### Exercise requirements
The entries below hold a line with "3、开始游戏后点击右下角按键即可爬楼,左侧是转身,掉下去了则游戏失败。" and a line with "Inde i opholdsrummet". Return those lines and all that lie between them, exactly and only.

---- Dataset extract

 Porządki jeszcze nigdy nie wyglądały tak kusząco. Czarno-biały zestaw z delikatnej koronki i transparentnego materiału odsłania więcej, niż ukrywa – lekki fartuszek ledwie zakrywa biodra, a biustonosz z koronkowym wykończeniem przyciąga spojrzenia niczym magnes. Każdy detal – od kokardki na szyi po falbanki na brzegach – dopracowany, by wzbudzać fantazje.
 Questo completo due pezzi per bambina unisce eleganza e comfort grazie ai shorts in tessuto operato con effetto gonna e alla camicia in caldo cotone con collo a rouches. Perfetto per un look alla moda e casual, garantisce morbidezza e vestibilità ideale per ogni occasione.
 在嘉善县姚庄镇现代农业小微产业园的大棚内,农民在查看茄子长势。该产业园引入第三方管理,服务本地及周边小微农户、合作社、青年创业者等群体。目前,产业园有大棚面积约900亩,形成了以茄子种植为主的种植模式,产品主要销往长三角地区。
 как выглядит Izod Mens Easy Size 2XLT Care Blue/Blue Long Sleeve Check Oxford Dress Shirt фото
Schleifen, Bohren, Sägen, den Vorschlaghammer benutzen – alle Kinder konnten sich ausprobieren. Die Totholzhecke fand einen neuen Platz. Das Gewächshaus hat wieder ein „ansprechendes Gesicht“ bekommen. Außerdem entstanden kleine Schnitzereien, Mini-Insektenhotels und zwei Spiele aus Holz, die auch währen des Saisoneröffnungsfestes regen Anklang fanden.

--------
---- Dataset extract

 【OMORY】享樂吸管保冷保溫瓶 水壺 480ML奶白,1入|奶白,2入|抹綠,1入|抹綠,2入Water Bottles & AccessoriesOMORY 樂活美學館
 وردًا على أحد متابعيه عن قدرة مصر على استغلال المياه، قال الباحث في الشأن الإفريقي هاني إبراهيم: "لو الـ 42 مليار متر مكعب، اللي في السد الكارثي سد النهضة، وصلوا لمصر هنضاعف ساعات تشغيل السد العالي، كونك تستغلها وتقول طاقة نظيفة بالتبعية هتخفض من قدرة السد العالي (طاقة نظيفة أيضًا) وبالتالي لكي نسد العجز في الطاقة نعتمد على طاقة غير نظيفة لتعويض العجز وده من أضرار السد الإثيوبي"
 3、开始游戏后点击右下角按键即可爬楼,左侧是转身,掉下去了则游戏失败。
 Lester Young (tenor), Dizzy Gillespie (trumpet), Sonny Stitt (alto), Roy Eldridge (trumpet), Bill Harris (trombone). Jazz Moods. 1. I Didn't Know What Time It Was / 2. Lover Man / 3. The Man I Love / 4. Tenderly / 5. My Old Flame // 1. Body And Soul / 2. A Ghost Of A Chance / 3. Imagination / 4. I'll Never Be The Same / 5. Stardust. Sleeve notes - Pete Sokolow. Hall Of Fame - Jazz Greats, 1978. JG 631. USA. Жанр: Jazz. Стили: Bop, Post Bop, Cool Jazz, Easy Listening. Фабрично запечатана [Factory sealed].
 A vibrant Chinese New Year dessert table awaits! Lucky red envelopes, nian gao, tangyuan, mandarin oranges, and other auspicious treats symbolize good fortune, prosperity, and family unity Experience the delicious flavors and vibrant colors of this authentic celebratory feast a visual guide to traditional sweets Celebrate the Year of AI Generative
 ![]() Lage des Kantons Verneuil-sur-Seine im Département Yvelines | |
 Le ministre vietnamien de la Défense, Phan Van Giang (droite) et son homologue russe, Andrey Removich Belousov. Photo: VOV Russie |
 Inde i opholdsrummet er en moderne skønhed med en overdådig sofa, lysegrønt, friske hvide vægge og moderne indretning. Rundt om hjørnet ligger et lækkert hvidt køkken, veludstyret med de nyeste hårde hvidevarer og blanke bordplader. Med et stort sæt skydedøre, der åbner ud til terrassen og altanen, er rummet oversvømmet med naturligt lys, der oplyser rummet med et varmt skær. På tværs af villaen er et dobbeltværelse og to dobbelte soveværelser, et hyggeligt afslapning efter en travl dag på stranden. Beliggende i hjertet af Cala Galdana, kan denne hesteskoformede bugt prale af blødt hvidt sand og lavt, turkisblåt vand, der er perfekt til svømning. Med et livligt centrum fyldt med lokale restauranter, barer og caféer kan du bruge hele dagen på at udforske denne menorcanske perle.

--------

### Answer section
 3、开始游戏后点击右下角按键即可爬楼,左侧是转身,掉下去了则游戏失败。
 Lester Young (tenor), Dizzy Gillespie (trumpet), Sonny Stitt (alto), Roy Eldridge (trumpet), Bill Harris (trombone). Jazz Moods. 1. I Didn't Know What Time It Was / 2. Lover Man / 3. The Man I Love / 4. Tenderly / 5. My Old Flame // 1. Body And Soul / 2. A Ghost Of A Chance / 3. Imagination / 4. I'll Never Be The Same / 5. Stardust. Sleeve notes - Pete Sokolow. Hall Of Fame - Jazz Greats, 1978. JG 631. USA. Жанр: Jazz. Стили: Bop, Post Bop, Cool Jazz, Easy Listening. Фабрично запечатана [Factory sealed].
 A vibrant Chinese New Year dessert table awaits! Lucky red envelopes, nian gao, tangyuan, mandarin oranges, and other auspicious treats symbolize good fortune, prosperity, and family unity Experience the delicious flavors and vibrant colors of this authentic celebratory feast a visual guide to traditional sweets Celebrate the Year of AI Generative
 ![]() Lage des Kantons Verneuil-sur-Seine im Département Yvelines | |
 Le ministre vietnamien de la Défense, Phan Van Giang (droite) et son homologue russe, Andrey Removich Belousov. Photo: VOV Russie |
 Inde i opholdsrummet er en moderne skønhed med en overdådig sofa, lysegrønt, friske hvide vægge og moderne indretning. Rundt om hjørnet ligger et lækkert hvidt køkken, veludstyret med de nyeste hårde hvidevarer og blanke bordplader. Med et stort sæt skydedøre, der åbner ud til terrassen og altanen, er rummet oversvømmet med naturligt lys, der oplyser rummet med et varmt skær. På tværs af villaen er et dobbeltværelse og to dobbelte soveværelser, et hyggeligt afslapning efter en travl dag på stranden. Beliggende i hjertet af Cala Galdana, kan denne hesteskoformede bugt prale af blødt hvidt sand og lavt, turkisblåt vand, der er perfekt til svømning. Med et livligt centrum fyldt med lokale restauranter, barer og caféer kan du bruge hele dagen på at udforske denne menorcanske perle.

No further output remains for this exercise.